– Да ладно, мамуся, – отмахнулся подросток. – Свинья она и
есть свинья, ее так все зовут, между прочим, за дело. Вот у нее и жила женщина
с маленьким мальчиком, еще баба Женя удивлялась, почему она с ним не гуляет?
Помнишь? Спросила у этой тетки: «А где, детка, твой сыночек? Неужто весь день в
комнате сидит?»
– Да, – пробормотала Катя, – странно, точно, у нее жил
мальчик!
– Что странного? – насторожилась я.
– Свинья комнату сдает, – пояснила Лена, – у нас тут рынок
рядом, вот и пускает чурок за деньги, азеров всяких.
– Лена! – возмутилась мать. – Так нельзя говорить.
– Ой, мама, – засмеялась девочка, – чурки они и есть чурки.
– Нам, конечно, не очень нравится, что Саня Коростылева
комнату торговцам сдает, но сделать ничего не можем, – вздохнула Катя, – не
прежние времена. Теперь каждый своей жилплощади хозяин. Я, правда,
сигнализировала участковому, но он спросил: «Шумят, мешают?»
– Нет, – ответила Катя, – тихие, словно тени, утром ушли –
вечером пришли.
– Ну и что тебе тогда? – удивился участковый.
– Так лица кавказской национальности, – не успокаивалась
бдительная Катерина, – терроризм и все такое.
– Ладно, – буркнул недовольный мент, – проверю.
Через пару дней встретив на улице Катю, участковый сердито
произнес:
– Делать тебе, Иванова, нечего… А Коростылеву оставь в
покое, инвалид она, пенсия копеечная, вот и сдает от нищеты комнаты. Нормальные
у ней азеры живут, с рынка, при регистрации, я их знаю, все тип-топ…
– Знает он их! – запоздало возмущалась, глядя на меня
женщина. – Да небось сунула Санька ему малую толику, вот времена настали! За
деньги люди на все согласны! Точно, был у нее мальчик! Я еще удивилась, вроде
приличные люди, мать такая хорошо одетая, нянька, а у Сани жилплощадь сняли! Ступайте
во второй подъезд.
Я стремглав понеслась назад, птицей взлетела на пятый этаж и
заколотила кулаком в грязную, ободранную дверь без всяких признаков ручки и
звонка.
– Слюшай, – раздалось изнутри квартиры, – зачем так
торопиться, да? Чего дверь бьешь? Пожар-можар начался, нет?
Послышался тихий щелчок, дверь приотворилась, и на пороге
появился молодой парень.
– Ты ко мне, дорогая? – приветливо улыбнулся он. – Арик
прислал, да? Торговать хочешь, нет? Регистрацию и санитарную книжку имеешь, да?
Откуда сама будешь, Украина, Молдавия, нет?
Потом, окинув меня взглядом, он понял, что ошибся, и быстро
сказал:
– Оптом купить хочешь? Проходи, сейчас Арик вернется.
Я покачала головой:
– Саню позовите.
– Извини, дорогая, – ослепительно улыбнулся азербайджанец, –
ошиблась ты, тут никакого Сани нет, здесь мы живем.
– Хозяйка отсутствует?
– А-а-а, – протянул парень, – входи тогда, ступай по
коридору, в комнате она, спит, только ей лечение надо.
– Какое? – для поддержания разговора поинтересовалась я, по
привычке тщательно вытирая туфли о скомканную тряпку, валявшуюся у порога.
– Сама увидишь, – ухмыльнулся торгаш и исчез на кухне.

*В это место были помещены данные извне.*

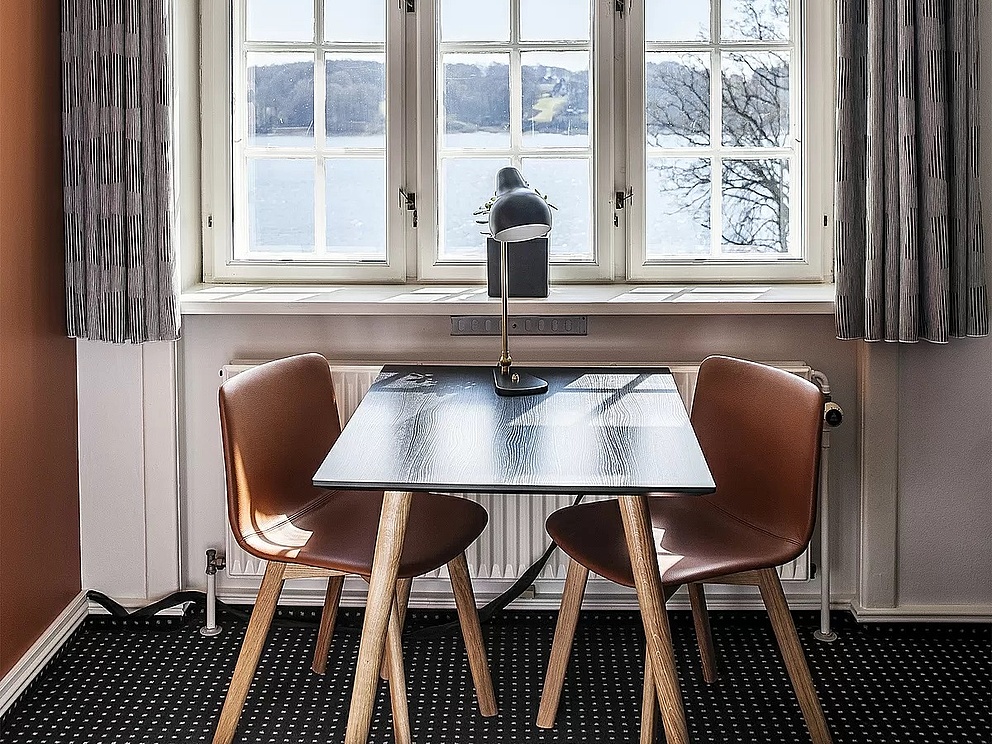 Her er ikke to værelser helt ens - alle vores 152 værelser har sin egen stemning og charme. Du finder værelser med fjordudsigt eller udsigt til fredfyldt skov - med små ovale vinduer eller panoramaudsigt fra gulv til loft.

Я дошла до последней двери. У Коростылевой была самая
большая и удобная квартира во всем доме, четырехкомнатная. Когда я жила в
Медведково, все население нашей пятиэтажки завидовало счастливым семьям,
получившим квартиры в торце дома. По непонятной причине на первом этаже там
была стандартная трехкомнатная маломерка, зато на втором и выше располагались
четырехкомнатные квартиры. Как это получилось, не понимал никто, самое смешное,
что по документам эти апартаменты значились как трехкомнатные. Представьте
теперь бурную радость владельцев, когда они, открыв в первый раз свою новую
«фатерку», находили там еще одну, «лишнюю» кубатуру, правда, крохотную, метров
семь-восемь, не больше, зато с окном.
Я поскреблась в дверь, из комнаты не донеслось ни звука.
– Иди, дорогая, – напутствовал, высунувшись в коридор,
азербайджанец, – толкайся смелей, иначе она не проснется.
Я распахнула облупленную дверь и очутилась в комнате. На
первый взгляд она казалась пустой, ни одного живого существа и практически
никакой мебели. У стены валялся матрас, на котором возвышалась груда
скомканных, грязных тряпок, да возле окна стояла жуткого вида колченогая
табуретка, прикрытая рваной газетой. С потолка свисали две серо-бурые тряпки,
служившие занавесками, а на полу мотались клубки пыли и обрывки газет. Я уже
хотела выйти, как куча зашевелилась, а из ее глубины раздалось хриплое:
– Чего надо?
– Вы Саня?
Куча села, закашлялась, я увидела щуплую женщину со
всклокоченными, никогда не мытыми волосами. Сразу стало понятно, отчего соседи
дали ей прозвище Свинья. Во-первых, дама была чудовищно неаккуратна, небось
ходила в душ два раза в год, на Рождество и Пасху, а во-вторых, ее лицо страшно
напоминало морду пьяной хрюшки, хотя я, честно говоря, сомневаюсь в способности
поросенка допиться, извините за тавтологию, до поросячьего визга.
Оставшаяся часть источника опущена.